Orange-based Bergen Brunswig Corp. and pending acquirer AmeriSource Health Corp. are readying answers to questions posed by federal regulators and hope to present their proposed combination to shareholders this summer.
Bergen spokeswoman Donna Dolan said she wasn’t able to offer specifics but indicated that the Federal Trade Commission had inquired about market size and the market share of a combined AmeriSource-Bergen Corp. The drug distributors’ responses should be finished and sent to Washington, D.C., by month’s end, according to Dolan.
From there, the commission has 30 days to make a decision after receiving the materials. If regulators sign off on AmeriSource’s buy of Bergen, Dolan said, stockholders could vote on the deal in early to mid-August. A deal is expected to close in mid- to late August, she said.
An FTC spokesman confirmed that the agency requested more information from Bergen and AmeriSource, but declined further comment.
In 1998, federal regulators nixed Bergen’s proposed buy of Dublin, Ohio-based Cardinal Health Inc. and a separate proposed deal between AmeriSource and San Francisco-based McKesson HBOC Inc. At that time, regulators feared the combinations would slice the wholesale drug distribution industry’s competitive field in half, leaving just two big players.
This time around analysts are giving the AmeriSource-Bergen deal sporting odds.
“This one has a pretty good chance, because you’re going from a four-player to a three-player market,” said Linda Varoli, an analyst with New York-based Merger Insight, which tracks large mergers. Federal regulators, Varoli said, are “a little lenient” on deals that don’t cause extreme industry consolidation.
“They don’t like four players to two,” she said.
Andrew Speller, an analyst who follows Bergen and AmeriSource for A.G. Edwards Inc. in St. Louis, said no organized opposition has emerged to the AmeriSource-Bergen proposal. Three years ago, customer groups, large drugstore chains and hospital purchasing organizations all lined up against the Bergen-Cardinal deal.
Even though analysts give the AmeriSource-Bergen combination a decent chance of going through, Merger Insight’s Varoli said regulators’ request for more details suggest “there are still some obvious issues.”
In a Securities and Exchange Commission filing related to the deal, Bergen said one factor that led its board to pursue the acquisition was advice from lawyers that there was a good chance antitrust authorities would permit the deal.

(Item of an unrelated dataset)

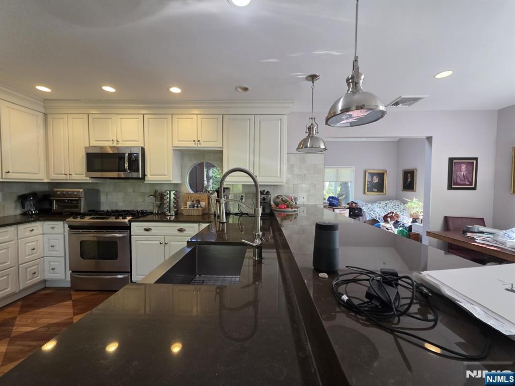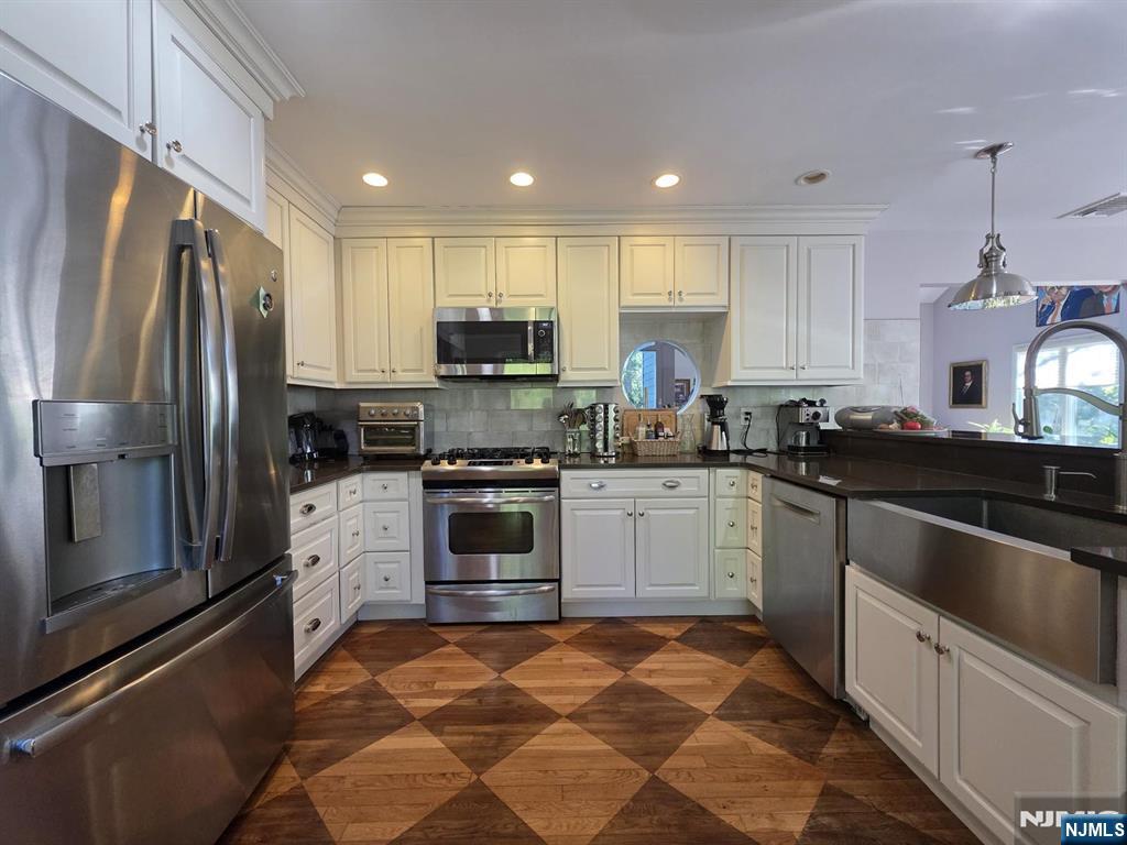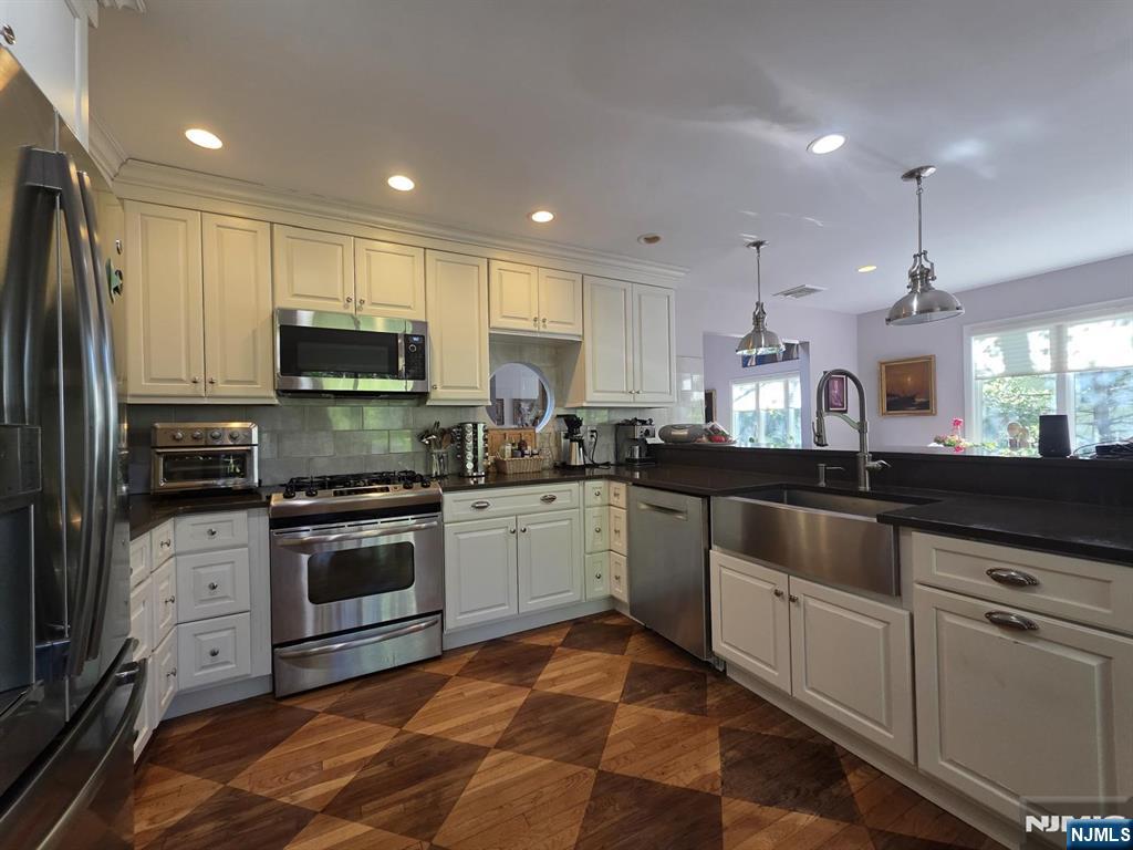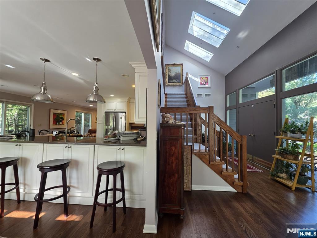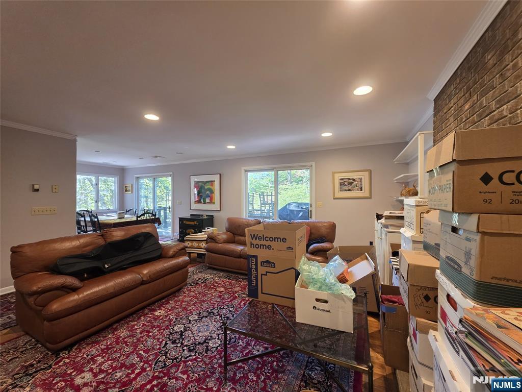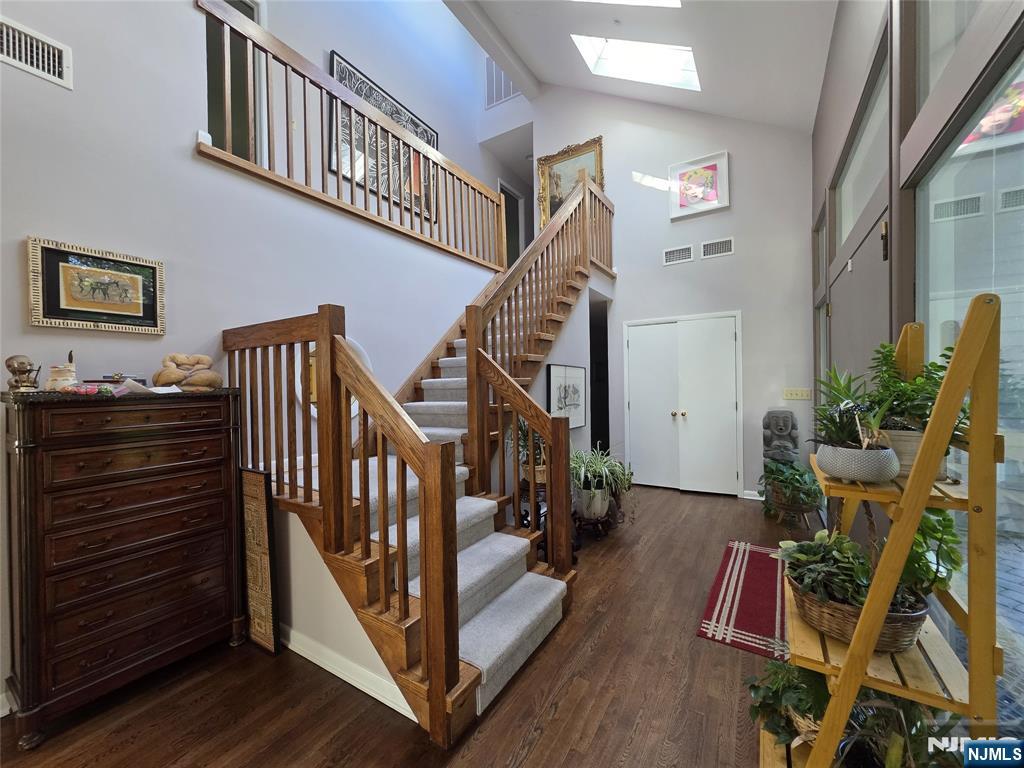 ***Please note, the home is currently in the process of packing, and we appreciate your understanding for any visible boxes or temporary clutter. Bedroom photos are not included at this time as they are being packed*** Welcome to this beautifully maintained home located on a quiet, tree-lined street in the highly sought-after town of Closter. The welcoming entrance features high ceilings, skylights, and an elegant staircase, creating a warm and inviting first impression. The home offers a bright and functional layout with spacious living areas ideal for everyday living and entertaining. The first floor features a formal living room, an additional living area, dining room, eat-in kitchen with direct access to the backyard, office, half bath, and sliding doors leading to a deck and backyard, along with a two-car garage. The property also offers beautiful front and back yards, with a fish pond located in the side yard near the backyard exit. The second floor offers three bedrooms sharing a full bath, plus an oversized primary bedroom with a wide closet and primary bath. The ground level is designed for entertainment and features a spacious layout ideal for a playroom, TV room, or family room, with direct access to the backyard.
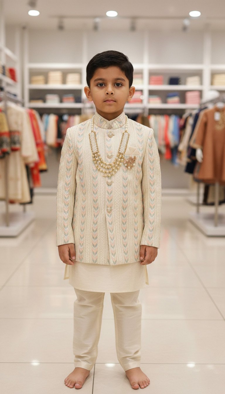 This elegant sherwani set is designed to give a royal and traditional look for special occasions. Crafted from comfortable, skin-friendly fabric, it ensures ease of movement while maintaining a rich appearance. The fine detailing, classic silhouette, and matching bottom add a festive charm. Perfect for weddings, festivals, and celebrations, this sherwani set blends traditional style with modern comfort for a graceful ethnic look.

Also, the company said, “Bergen customers had communicated that they would be in favor of a combination involving Bergen and AmeriSource in the belief that such a combined entity would be a stronger alternative source of products and services in the industry.”
Bergen and AmeriSource may benefit from political and philosophical changes at the FTC, according to Larry Marsh, an analyst with Lehman Brothers Holdings Inc. in New York.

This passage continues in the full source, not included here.